วันพฤหัสบดีที่ 3 ธันวาคม พ.ศ. 2552

Mortgage Financing: Beware of Predatory Lenders

In November 2005, Montgomery County, Maryland's county council enacted legislation to expand the categories of discriminatory lending activities associated with discriminatory housing practices and increased the maximum fine for such activities from $5,000 to $500,000. The council sited practices such as charging inordinate amounts for prepayment penalties, points, and fees; steering borrowers toward more expensive mortgages; and refinancing existing mortgages with new ones that borrowers will not be able to pay on the basis of income or credit card.

Predatory lenders typically target what they call the lower-quality mortgage market, where people seek stained with their credit history to borrow money for homes in neighborhoods less attractive, which means that it is often minorities such as African-Americans and Hispanics, the victims of predatory lending practices.

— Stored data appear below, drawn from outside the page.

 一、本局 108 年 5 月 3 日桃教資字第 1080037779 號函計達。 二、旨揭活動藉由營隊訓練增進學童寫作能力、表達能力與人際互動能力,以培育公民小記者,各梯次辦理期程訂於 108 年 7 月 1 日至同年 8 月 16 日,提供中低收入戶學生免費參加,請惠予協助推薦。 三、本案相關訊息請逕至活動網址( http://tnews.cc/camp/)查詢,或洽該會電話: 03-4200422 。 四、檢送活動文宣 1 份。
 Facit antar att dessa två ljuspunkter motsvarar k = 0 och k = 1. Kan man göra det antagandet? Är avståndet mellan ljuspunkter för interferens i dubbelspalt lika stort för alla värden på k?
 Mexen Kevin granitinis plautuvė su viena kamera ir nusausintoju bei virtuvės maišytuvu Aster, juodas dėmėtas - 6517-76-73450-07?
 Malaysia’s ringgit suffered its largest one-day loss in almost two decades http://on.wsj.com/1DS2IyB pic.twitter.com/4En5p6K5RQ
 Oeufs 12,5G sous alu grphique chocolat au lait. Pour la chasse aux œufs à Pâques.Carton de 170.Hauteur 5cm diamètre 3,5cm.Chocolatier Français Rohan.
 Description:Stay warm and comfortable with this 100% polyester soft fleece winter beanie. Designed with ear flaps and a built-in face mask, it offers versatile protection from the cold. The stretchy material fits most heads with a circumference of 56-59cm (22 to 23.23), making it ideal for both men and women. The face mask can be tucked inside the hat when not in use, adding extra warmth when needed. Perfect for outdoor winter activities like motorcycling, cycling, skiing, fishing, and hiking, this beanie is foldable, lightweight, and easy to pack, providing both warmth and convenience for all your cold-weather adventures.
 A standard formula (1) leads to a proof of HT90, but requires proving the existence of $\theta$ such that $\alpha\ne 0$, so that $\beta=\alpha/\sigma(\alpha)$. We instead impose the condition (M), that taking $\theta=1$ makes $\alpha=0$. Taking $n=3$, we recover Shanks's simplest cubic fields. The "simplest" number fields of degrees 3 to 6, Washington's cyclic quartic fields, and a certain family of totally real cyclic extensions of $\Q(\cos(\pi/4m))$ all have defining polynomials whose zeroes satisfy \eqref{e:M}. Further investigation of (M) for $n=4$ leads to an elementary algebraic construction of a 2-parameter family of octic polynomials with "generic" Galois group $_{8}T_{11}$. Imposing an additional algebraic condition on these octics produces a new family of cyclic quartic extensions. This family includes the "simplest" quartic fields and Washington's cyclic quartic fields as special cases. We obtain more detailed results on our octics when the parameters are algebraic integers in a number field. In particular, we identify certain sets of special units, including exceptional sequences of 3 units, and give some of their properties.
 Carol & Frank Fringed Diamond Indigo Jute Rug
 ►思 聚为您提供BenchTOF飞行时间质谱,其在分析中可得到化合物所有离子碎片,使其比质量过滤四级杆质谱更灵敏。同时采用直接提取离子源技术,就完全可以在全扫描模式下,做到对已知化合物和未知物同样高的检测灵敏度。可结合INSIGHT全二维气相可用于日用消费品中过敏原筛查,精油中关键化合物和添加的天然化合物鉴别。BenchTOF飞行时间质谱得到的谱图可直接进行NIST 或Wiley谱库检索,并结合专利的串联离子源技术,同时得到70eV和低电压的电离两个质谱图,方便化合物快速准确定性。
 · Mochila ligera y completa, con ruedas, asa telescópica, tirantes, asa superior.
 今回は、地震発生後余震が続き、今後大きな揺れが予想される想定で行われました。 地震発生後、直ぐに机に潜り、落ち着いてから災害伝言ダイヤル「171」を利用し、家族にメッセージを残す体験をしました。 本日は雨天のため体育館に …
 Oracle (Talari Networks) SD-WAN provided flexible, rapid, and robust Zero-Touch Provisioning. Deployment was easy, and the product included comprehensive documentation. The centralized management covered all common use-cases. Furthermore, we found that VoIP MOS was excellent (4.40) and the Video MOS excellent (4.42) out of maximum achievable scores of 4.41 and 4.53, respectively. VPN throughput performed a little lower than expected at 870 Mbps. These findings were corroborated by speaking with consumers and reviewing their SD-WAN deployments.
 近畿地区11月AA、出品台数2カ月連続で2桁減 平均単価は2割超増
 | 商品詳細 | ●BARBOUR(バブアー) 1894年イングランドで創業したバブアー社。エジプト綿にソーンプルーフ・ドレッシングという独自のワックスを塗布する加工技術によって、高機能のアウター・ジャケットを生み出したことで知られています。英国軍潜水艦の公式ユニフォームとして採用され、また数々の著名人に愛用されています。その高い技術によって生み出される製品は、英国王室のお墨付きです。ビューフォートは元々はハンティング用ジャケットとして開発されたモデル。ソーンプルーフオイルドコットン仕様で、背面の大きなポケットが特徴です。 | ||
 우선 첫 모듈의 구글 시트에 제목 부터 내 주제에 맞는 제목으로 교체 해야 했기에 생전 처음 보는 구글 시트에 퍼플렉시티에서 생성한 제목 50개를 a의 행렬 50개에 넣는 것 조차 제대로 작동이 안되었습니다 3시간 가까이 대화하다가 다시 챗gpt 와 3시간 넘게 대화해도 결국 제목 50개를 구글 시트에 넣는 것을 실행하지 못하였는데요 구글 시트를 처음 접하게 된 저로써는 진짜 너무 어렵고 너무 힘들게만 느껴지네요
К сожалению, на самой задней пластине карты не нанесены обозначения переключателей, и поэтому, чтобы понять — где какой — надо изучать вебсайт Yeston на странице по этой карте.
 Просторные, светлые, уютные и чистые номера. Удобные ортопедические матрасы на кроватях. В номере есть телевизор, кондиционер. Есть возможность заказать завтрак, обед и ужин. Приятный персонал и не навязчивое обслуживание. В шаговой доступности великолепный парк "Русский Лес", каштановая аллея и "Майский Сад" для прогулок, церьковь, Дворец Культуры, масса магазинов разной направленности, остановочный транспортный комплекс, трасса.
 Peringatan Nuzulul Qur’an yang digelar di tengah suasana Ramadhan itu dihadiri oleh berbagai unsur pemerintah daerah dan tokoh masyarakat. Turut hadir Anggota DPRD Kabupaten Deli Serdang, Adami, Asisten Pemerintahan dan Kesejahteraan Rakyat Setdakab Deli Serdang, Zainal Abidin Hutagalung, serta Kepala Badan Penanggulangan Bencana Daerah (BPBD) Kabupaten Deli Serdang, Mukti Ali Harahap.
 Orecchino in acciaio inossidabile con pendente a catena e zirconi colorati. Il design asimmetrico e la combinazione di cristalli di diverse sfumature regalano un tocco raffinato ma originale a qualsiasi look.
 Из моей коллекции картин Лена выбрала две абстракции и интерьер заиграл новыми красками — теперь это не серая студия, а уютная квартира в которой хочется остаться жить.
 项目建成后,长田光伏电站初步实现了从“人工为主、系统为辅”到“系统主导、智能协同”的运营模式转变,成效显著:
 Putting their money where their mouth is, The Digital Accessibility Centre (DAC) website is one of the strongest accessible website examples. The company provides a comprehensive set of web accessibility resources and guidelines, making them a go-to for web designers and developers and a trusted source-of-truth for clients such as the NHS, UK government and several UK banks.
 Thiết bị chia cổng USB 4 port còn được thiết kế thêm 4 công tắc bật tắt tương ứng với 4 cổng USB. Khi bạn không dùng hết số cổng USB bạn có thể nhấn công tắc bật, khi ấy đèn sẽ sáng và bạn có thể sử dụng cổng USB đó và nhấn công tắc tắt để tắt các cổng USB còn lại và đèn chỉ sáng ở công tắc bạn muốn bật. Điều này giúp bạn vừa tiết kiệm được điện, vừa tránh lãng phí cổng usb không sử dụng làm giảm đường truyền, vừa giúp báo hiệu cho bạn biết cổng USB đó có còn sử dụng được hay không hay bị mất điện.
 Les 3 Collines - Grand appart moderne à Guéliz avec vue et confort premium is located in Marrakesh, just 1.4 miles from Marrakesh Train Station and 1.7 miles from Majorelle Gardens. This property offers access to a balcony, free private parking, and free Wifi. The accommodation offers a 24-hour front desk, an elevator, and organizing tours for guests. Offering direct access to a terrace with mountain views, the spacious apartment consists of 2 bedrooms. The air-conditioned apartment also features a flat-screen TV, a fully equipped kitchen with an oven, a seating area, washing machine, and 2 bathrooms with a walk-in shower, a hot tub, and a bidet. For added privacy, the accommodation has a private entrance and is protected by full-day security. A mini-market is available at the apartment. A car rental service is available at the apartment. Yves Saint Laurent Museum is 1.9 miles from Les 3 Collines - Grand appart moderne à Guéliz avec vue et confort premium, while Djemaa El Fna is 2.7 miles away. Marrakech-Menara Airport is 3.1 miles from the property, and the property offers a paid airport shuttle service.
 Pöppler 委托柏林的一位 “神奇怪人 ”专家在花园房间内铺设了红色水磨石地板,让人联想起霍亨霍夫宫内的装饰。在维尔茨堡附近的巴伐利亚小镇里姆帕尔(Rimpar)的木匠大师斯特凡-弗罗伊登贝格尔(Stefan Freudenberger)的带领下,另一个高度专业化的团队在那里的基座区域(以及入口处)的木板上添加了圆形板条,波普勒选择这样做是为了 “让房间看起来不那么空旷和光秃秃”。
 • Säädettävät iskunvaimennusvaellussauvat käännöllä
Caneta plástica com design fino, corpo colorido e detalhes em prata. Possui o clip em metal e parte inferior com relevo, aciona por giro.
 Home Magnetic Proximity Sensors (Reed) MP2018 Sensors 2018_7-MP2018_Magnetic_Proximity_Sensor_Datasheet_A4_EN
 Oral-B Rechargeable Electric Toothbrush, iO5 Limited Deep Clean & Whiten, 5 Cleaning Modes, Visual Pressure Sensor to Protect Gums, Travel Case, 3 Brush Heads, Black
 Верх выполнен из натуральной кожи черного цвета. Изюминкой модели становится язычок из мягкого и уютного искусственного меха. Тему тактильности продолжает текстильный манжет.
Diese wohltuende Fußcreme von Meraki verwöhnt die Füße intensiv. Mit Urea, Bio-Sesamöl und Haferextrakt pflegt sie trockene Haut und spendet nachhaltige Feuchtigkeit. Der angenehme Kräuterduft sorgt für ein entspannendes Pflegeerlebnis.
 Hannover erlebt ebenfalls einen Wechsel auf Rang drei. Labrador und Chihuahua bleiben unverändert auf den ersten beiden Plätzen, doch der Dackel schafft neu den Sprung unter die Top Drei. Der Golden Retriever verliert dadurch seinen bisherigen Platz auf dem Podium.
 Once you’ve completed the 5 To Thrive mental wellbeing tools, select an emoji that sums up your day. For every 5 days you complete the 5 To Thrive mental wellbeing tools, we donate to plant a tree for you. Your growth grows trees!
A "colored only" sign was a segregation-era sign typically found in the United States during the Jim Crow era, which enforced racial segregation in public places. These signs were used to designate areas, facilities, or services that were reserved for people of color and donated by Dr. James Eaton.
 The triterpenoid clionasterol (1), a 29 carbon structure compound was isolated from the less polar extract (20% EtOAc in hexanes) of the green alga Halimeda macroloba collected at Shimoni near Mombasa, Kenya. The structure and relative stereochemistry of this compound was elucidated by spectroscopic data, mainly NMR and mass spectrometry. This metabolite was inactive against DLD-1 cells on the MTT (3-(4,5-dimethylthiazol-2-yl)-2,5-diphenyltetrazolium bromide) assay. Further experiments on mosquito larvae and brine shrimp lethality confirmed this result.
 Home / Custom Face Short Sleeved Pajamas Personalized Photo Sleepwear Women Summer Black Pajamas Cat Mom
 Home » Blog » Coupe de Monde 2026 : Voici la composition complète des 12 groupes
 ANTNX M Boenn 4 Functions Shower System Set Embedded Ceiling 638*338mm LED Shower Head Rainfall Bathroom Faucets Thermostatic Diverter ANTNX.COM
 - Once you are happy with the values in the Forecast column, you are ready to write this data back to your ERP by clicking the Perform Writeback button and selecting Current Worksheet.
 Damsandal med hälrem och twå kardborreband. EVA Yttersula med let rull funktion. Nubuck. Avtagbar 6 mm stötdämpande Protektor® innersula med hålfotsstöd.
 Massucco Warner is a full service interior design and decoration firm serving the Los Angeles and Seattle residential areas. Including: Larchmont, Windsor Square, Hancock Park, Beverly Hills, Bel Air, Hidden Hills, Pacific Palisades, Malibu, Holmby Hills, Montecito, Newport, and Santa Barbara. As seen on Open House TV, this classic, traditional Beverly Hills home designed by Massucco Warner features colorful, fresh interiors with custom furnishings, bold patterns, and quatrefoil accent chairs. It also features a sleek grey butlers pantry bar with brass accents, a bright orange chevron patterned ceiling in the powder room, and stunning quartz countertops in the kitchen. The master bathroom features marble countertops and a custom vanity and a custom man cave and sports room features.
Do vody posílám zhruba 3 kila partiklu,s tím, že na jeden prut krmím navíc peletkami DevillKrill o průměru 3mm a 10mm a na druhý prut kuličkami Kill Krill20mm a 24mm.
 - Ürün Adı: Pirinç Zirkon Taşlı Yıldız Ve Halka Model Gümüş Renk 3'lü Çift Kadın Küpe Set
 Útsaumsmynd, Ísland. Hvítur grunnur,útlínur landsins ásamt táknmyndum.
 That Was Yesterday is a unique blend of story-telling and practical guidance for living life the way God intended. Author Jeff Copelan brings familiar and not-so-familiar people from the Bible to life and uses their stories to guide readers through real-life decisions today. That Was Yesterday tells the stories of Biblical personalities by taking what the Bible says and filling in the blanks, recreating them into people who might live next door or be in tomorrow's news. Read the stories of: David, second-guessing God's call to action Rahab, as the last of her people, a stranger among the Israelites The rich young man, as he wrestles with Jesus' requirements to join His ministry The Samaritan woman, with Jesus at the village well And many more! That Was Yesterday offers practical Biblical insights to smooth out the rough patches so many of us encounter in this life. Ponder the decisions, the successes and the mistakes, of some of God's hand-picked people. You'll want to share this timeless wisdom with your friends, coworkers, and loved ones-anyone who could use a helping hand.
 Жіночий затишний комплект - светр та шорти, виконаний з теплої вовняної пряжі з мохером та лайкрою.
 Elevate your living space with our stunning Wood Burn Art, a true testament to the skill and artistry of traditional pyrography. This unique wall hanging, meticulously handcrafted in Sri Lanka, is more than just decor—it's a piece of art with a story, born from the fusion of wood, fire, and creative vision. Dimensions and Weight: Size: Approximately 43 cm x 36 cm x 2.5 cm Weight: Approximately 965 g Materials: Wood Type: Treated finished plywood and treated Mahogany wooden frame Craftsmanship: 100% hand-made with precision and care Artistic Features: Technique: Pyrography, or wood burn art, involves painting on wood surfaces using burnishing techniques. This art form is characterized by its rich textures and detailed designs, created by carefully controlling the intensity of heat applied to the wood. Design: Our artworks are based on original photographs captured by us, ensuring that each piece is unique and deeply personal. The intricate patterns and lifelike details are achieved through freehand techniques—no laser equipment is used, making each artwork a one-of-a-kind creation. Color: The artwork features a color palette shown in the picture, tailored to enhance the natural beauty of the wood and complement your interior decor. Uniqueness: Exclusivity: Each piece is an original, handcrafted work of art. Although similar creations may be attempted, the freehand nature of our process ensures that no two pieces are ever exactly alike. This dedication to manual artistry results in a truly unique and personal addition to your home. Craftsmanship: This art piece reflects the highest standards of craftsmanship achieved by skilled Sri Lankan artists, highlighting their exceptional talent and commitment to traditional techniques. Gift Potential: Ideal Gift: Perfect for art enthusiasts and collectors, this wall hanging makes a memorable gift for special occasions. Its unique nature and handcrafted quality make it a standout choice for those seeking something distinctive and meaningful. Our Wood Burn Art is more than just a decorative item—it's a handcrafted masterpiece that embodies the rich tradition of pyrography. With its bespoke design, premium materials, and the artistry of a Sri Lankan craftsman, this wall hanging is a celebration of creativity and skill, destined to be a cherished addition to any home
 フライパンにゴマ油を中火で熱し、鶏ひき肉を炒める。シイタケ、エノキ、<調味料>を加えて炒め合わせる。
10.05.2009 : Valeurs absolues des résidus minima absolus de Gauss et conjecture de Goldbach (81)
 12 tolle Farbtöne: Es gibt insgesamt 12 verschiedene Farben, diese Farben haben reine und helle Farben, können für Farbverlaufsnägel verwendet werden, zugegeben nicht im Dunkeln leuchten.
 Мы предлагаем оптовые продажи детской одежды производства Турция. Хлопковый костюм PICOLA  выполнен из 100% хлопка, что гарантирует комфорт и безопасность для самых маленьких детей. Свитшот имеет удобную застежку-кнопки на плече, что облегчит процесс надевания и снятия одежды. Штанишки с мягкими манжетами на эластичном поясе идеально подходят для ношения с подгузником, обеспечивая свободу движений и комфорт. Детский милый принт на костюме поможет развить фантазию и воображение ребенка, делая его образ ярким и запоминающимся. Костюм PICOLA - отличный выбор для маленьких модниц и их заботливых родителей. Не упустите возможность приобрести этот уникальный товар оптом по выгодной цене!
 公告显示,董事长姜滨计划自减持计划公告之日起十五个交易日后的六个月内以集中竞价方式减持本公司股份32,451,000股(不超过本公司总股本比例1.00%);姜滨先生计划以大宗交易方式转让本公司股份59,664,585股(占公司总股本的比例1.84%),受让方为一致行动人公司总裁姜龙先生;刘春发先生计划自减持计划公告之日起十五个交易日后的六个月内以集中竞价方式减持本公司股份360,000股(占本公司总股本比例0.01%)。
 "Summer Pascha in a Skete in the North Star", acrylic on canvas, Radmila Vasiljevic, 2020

However, in February 2006, the American Financial Services Association (AFSA), the decision stood,the argument that only the state has adopted the power law on mortgage obligations - even if the agency did not go, the more challenging unfair and discriminatory lending practices. The new law come into force should be in the second week of March, but the mortgagee lawyers persuaded a judge to delay the new law, up to a hearing. And "yet to be decided whether the law in Montgomery County will remain in the books.

Regardless of the outcome of the Montgomery County, butpredatory lending practices are illegal in most states. The Center for Responsible Lending describes a number of these practices on its website. Some of them include loans mirrors in which the borrower a loan, often repeated, and refinance for the sole purpose of generating new fees for the bank. Another common practice is that borrowers purchase also emphasized things like life insurance, credit or other products - again, primarilygenerate more revenue for the creditors.

The end result is that banks are not a lot of money by levying additional charges for borrowers who can least afford it, the borrower or the American dream, ownership would be housing, or worse, by a possible exclusion.

As the slowing property market and rising interest rates, is more important than ever to an informed consumer. Learning the BasicsMortgage, so you know, if you are not too many things on a loan or required. Take a look around to see what is available, make sure that you are comfortable with the payment of the loan because the amount you must pay for many years.